■ Task to complete ■
Below are the records; give again exactly the line with "Editore: Forzani e", the line with "Está fabricada en", and each line that lies between them, and nothing besides.

===== Exercise inputs =====

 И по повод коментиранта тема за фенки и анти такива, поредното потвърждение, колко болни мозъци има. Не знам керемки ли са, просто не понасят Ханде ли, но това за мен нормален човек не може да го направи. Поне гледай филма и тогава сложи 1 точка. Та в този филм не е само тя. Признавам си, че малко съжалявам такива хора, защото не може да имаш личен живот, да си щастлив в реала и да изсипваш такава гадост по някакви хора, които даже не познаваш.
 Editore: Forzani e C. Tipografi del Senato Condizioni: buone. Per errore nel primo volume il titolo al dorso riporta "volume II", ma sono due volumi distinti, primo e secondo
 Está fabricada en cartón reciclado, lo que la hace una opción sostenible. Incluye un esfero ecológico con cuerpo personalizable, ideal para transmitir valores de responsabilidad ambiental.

=====
===== Exercise inputs =====

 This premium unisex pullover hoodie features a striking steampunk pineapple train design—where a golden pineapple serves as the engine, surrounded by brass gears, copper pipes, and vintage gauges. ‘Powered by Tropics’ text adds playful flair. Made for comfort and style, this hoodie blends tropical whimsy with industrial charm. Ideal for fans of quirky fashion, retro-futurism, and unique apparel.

=====
===== Exercise inputs =====

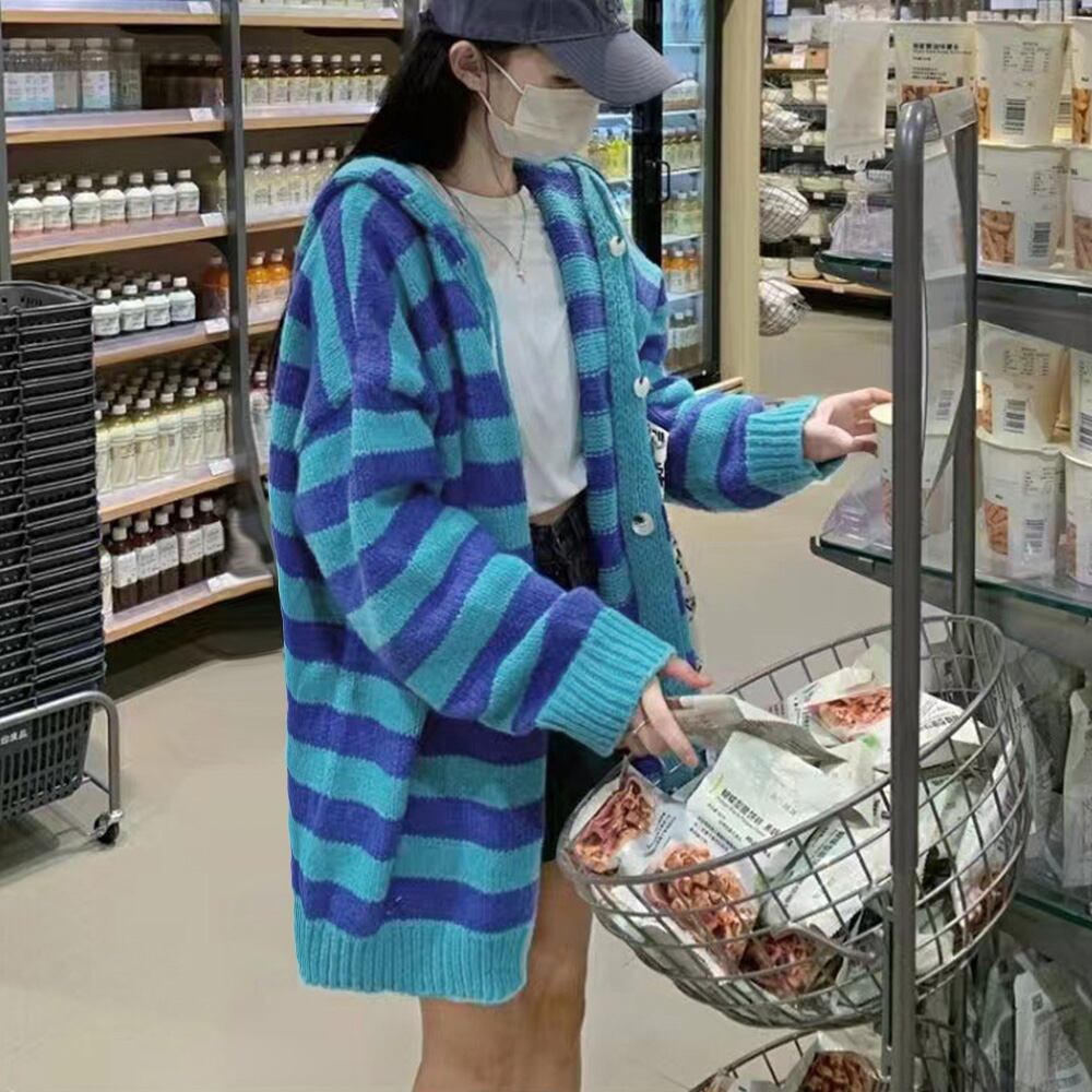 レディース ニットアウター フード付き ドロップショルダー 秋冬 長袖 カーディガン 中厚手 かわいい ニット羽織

=====

■ Final answer ■
 Editore: Forzani e C. Tipografi del Senato Condizioni: buone. Per errore nel primo volume il titolo al dorso riporta "volume II", ma sono due volumi distinti, primo e secondo
 Está fabricada en cartón reciclado, lo que la hace una opción sostenible. Incluye un esfero ecológico con cuerpo personalizable, ideal para transmitir valores de responsabilidad ambiental.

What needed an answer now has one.